» TASK MATERIAL:
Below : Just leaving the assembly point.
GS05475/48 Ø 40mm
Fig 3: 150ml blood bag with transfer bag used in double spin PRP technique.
--
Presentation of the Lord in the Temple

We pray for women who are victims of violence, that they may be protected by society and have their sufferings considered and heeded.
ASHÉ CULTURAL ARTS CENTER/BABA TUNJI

» EXERCISE PROMPT: Within the material above, extract exactly the lines that start at the line containing "GS05475/48 Ø 40mm" and stop after the line containing "Fig 3: 150ml", and only those.

» REPLY TO THE EXERCISE:
GS05475/48 Ø 40mm
Fig 3: 150ml blood bag with transfer bag used in double spin PRP technique.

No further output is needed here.